На НКВД она плевать хотела

Я вначале не сильно поверила Ирине Викторовне Никифоровой: это она ее нашла. Ну, как нашла? Случай... В очередной раз вернувшись с цветаевских дней из Елабуги, она была на прямом эфире у Людмилы Миланич, и вдруг — звонок. От школьной учительницы Татьяны Николаевны Зелениной, ее мама еще начинала дружить с Еленой Ивановной, а теперь вот и она, опекает. Ведь ей сегодня уже 87-й год идет. Действительно, состоит в родстве. Была замужем за двоюродным племянником Марины Ивановны, Вячеславом. Тот, оказывается, сидел у нас, на Казачке. Как политический...
Чебунины, а Елена Ивановна такую носила в детстве фамилию, в наших краях оказались не по собственной воле. Жили они большой семьей в Амурской области. На земле, своим хозяйством: мать, отец и шестеро душ детей. Пока не раскулачили, не бросили на голое место, в район нашей Оборской ветки. Из всего этого могучего рода только они с сестрой и остались. "Лена, видимо, мы так и умрем, не дождавшись, когда родителей реабилитируют..."
Нет у них таких бумаг, хотя когда-то писали, наводили справки, но до конца не дошли. Почему? Да из страха. Ведь Елена Ивановна и сама арестована была. В семнадцать лет! За недоносительство... Угол она снимала у хабаровской подружки, уже после того, как выбрались с поселения. А у той брат на каком-то складе работал и, как выяснилось, грампластинками с него приторговывал. Статья, понятно. Арестовали. Ну и подружку, вместе с Леной, за компанию взяли. Чтобы внушительнее выглядела группа расхитителей социалистической собственности. Это уже потом, через полтора-два года, когда схватились и Ленино дело пересмотрели, ей и срок скостили, и в вольнонаемные перевели. И даже взяли телефонисткой в Большой дом, на Волочаевской. А тогда — на Знаменщикова и в общую камеру, после первого же допроса. "К рецидивам", как Елена Ивановна сама говорит, тогда попала.
Дамы ее не обижали, на соломе спали, так в самое теплое место ее клали. Как к ребенку относились. А она и впрямь была как тростиночка. "Но на почете была, потому что больше всех кальсон шила за смену". За всю камеру отдувалась.
Ну а потом оказалась на Казачке. Перевели в лагерь. Пришлось сменить профиль и вместо шитья кальсон переквалифицироваться, слава богу, в связистки. И вот однажды в их бригаду определили нового зэка. Лобастого такого, молчаливого, с красивой фамилией — Цветаев. Говорили, что — москвич. И что мать у него из старой ленинской гвардии, большевичка. Дружна с самой Крупской. И что сам Вячеслав арестован был уже в армии, по обвинению в покушении на Сталина.
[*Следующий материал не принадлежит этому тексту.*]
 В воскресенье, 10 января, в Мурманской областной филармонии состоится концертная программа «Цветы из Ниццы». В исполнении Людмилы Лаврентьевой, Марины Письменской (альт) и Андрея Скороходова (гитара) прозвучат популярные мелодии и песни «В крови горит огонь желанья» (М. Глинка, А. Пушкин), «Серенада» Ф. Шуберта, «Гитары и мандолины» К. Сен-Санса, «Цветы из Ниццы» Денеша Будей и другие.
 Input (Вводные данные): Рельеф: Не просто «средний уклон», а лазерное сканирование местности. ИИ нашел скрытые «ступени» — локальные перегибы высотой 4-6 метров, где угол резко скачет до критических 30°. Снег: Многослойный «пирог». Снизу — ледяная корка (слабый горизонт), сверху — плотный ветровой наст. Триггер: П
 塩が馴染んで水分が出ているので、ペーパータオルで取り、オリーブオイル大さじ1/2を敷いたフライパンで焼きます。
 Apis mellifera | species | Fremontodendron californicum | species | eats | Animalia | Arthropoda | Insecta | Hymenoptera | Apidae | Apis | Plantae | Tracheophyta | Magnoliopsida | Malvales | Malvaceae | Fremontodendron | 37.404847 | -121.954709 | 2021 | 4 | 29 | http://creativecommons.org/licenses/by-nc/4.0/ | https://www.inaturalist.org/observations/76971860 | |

А до того с "врагами народа" Лене Чебуниной встречаться не доводилось. Так и познакомились. Девять лет разницы. И судьбы совсем не похожие. Но — любовь. Они поженились после лагеря.
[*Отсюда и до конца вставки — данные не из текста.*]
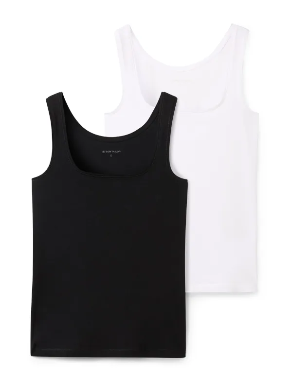 Design: Gevoerde zoom/rand, Rechte zoom, Ingelegde kraag; Materiaal: Jersey; Halstype: Carréhals; Motief: Effen; Soort bandjes: Normale bandjes; Extra's: Op staal naden, Voelt zacht aan; Pasvorm: Slanke pasvorm; Aantal: 2 Pack; Armlengte: Mouwloos; Lengte: Normale lengte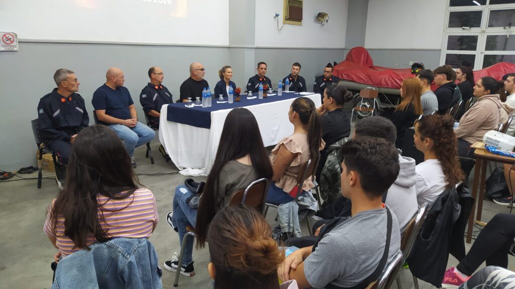 Antes de comenzar a darse la primera clase a cargo del Bombero Santiago Barreau, a cargo del area de capacitacion; se hizo un saludo y bienvenida oficial a los nuevos aspirantes y que estuvo dada por el presidente de la Asociación Cooperadora de Bomberos, Martin del Castillo, el Jefe del Cuerpo, Comandante Sergio Fernández, y la señora Intendente Municipal, María José Gentile, quien valoro la vocación de servicios de los jóvenes.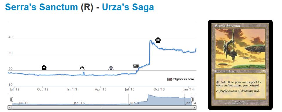 This effect is magnified with newer cards, where copies are so readily available. At least with Serra's Sanctum there are far fewer copies in circulation, and the Reserved List provided me with even greater protection.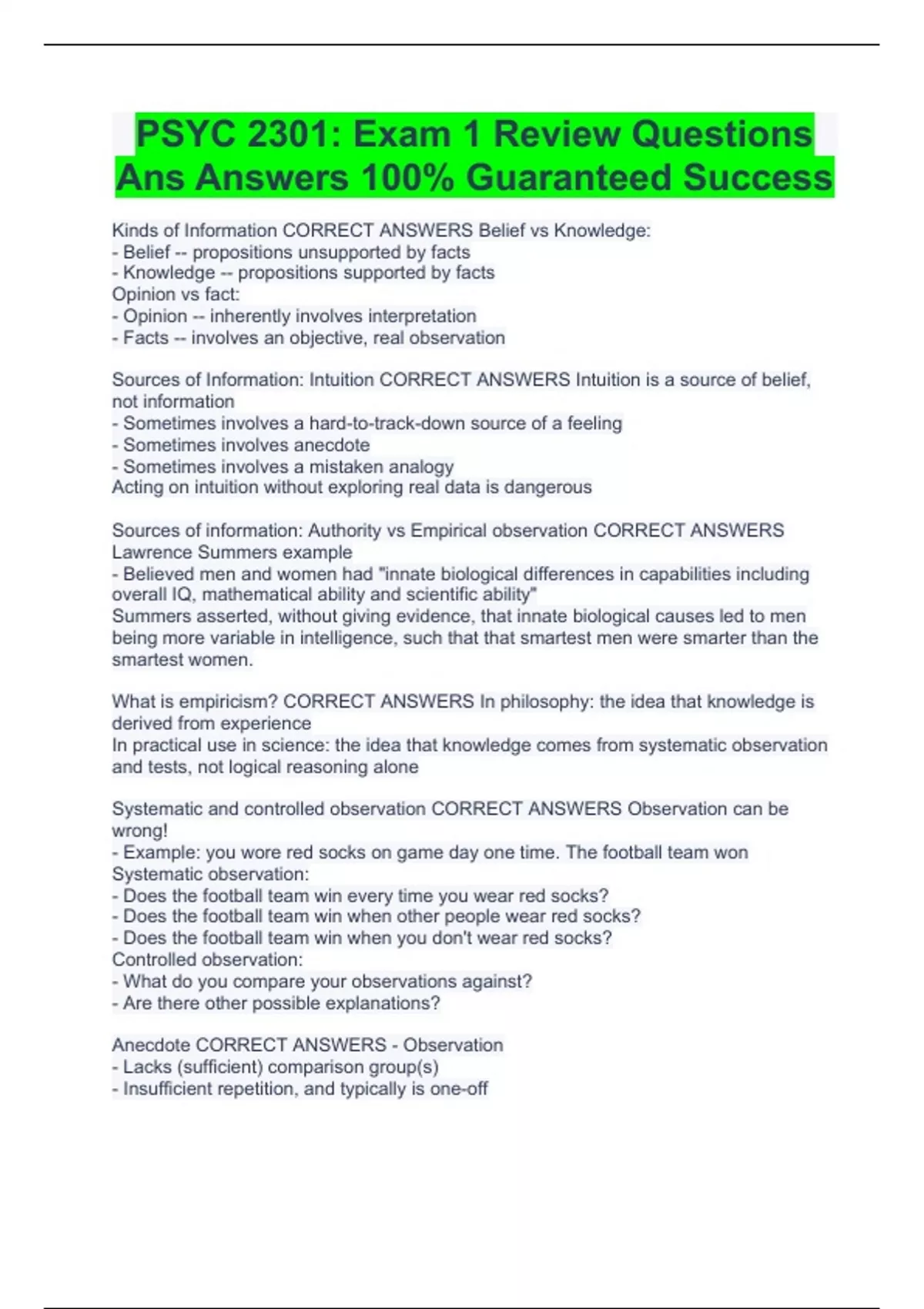 PSYC 2301: Exam 1 Review Questions Ans Answers 100% Guaranteed Success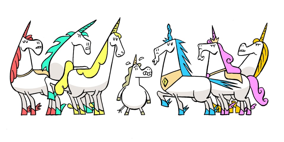 Contrasting the haughtiness and power of the mature unicorns with Punycorn's less imposing physical presence.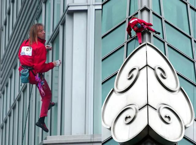 羅伯特回憶,2004年他受邀挑戰當時全球最高建築台北101,原本計畫採取徒手方式攀爬,沒料到當日天候極差,綿密雨勢導致玻璃外牆溼滑無比,為了安全考量只能改用繩索輔助。受到惡劣氣候影響,他足足花了將近4個鐘頭才抵達頂端,比預計時間整整多出一倍。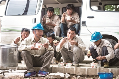 老兰在施工现场转了几圈就到了中午,开始吃午饭,他和所有的一线工人一样,拿起包子,席地而坐,狼吞虎咽地吃了起来。大伙儿都趁着吃完饭的空当休息一会儿,可是老兰又抄起他的蓝夹子去村里查活儿了。他说,“任务太紧张了,我得赶紧把这一趟路查完,晚上好回去编写施工计划,可别耽误了施工进度。”中午的太阳毒得人根本睁不开眼,但老兰已经练就了一双“火眼金睛”。“查活儿可不是拿个图纸随便瞎转转就算查完了,查活儿有许多门道,除了最基本的看电源关系、线路临近平行或交叉跨越的情况,更要看看电源开关的位置、高低压线路情况,考虑规划如何分次分段同时停高、低压线路把活儿干完,这么热的天气,村民都需要用电降温,所以尽量避免重复停电,给村民谋便利。”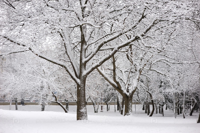 Деревья, покрытые инеем, в городском парке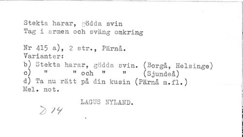 //// Stekta harar, gödda svin Tag i armen och sväng omkring //// Nr 415 a), 2 str., Pärnå. Varianter: //// b) Stekta harar, gödda svin. (Borgå, Helsinge) //// c) " » och M " (Sjundeå) //// d) Ta nu rätt på din kusin (Pärnå m.fl.) Mel. not. //// LAGUS NYLAND. //// 2> j //// • f ////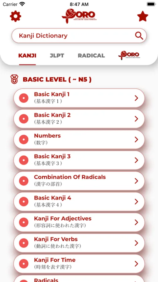 PORO Japanese Kanji application's content included 2500 Kanji of all levels from Kanji N5, Kanji N4 to Kanji N3, Kanji N2 and Kanji N1 which are divided into 231 topics, covering almost kanji of all levels, to help practice and reinforce your Japanese Kanji.

...Ей и невдомек было, в какую семью попала. Это уже в Москве, когда они со Славой приехали в надежде вернуться к нормальной жизни, а их не прописывали и нигде не брали на работу, он стал показывать ей уголки столицы, связанные с их семьей. Привел к Музею изящных искусств имени Пушкина, на котором, конечно же, тогда не было мемориальной доски тому, кто его строил и передал часть родовых ценностей. А это — Иван Владимирович Цветаев, объяснял ей Слава. Отец Марины и Анастасии Цветаевых и мой двоюродный дед. Цветаевых было четыре брата — старший Петр, затем Иван и Федор с Дмитрием. Слава принадлежал к той веточке, которая в роду Цветаевых шла от Федора Владимировича. У того было две дочери — Екатерина и Александра. Обе получили художественное образование, отец их по семейной традиции обучал изящным искусствам, но только Екатерина пошла по этому пути. Она, кстати, создала знаменитую кукольную фабрику в Сергиевом Посаде, была ее директором. И одну из своих кукол даже дарила в свое время Шаляпину.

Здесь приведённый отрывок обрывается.